Elisha Wiesel wrote and played some valedictory songs

Times are changing at Goldman Sachs' all important engineering (technology) division. New men have been hired from outside of the banking industry to take control of Goldman's 9,000 or so engineers, and they're already shaking things up.

Marco Argenti and Atte Lahtiranta were friends before they began at Goldman. They joined last month from Amazon Web Services (AWS) and Nokia, respectively. Argenti is Goldman's new co-chief information officer (alongside George Lee, a Goldman investment banker who has a long history of working with Silicon Valley) and is known for playing in a grunge band. Lahtiranta is Goldman's new chief technology officer and describes himself as a 'miracle monger.' It's a different era.

Argenti is already making himself known. Business Insider says he's asking Goldman's engineers to stop communicating their ideas in the form of PowerPoint presentations and to adopt the sorts of 'narrative memos' used at Amazon instead. Appropriately enough, Argenti has communicated this request in the form of a memo to his large team.

The Argenti art of memo writing is to start with the customer and to consider their problem or opportunity.
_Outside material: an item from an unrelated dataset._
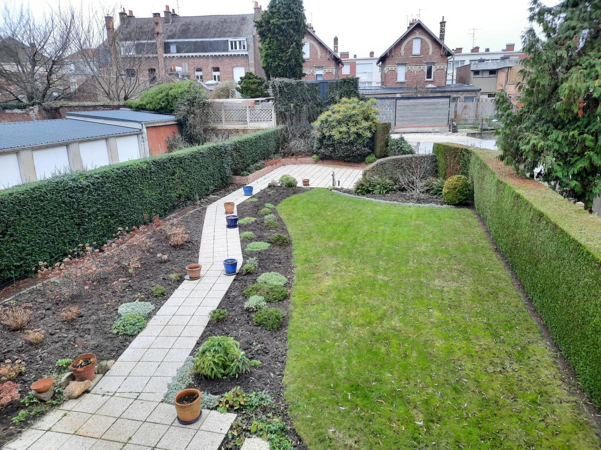 Il se compose d'un hall d'entrée avec vestiaire, salle à manger, salon spacieux, grande cuisine équipée, 3 chambres, bureau, buanderie, salle de bain et WC séparés. Vous profiterez d'une immense terrasse donnant sur un jardin privatif verdoyant et calme, d'une cave et d'un grand garage (idéal camionnette), IDEAL ARTISAN, Nombreuses possibilités - Poss d'acquérir en plus 2 apparts de type II libre d'occupation

Begin with their most important benefit, what they want and what their experience will be like. Write as crisply and precisely as possible and use simple and concrete language. Be objective, factual and humble. "Do not be afraid to talk about your failures in addition to your successes," says Argenti. "Ask yourself the hardest questions, and answer them objectively without bias."
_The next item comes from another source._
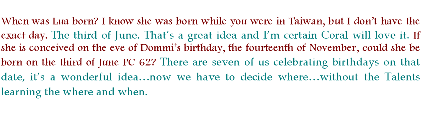 Coral looked awed at the thought. “If we conceive her now she’ll have the same birthday as Cherine.”

Unlike at Amazon, Argenti isn't demanding that all communication must through memos - it's up to Goldman's technologists to ween themselves off PowerPoint presentations, but the memo preference is pretty strong. PowerPoint places too much emphasis on "charisma and presentation flair," says Argenti. Memos mean you need to get down and dirty and think through "all facets of a problem" before telling your story "without being interrupted."  They should be circulated before meetings so that everyone has the facts. More guidelines are coming from Argenti soon.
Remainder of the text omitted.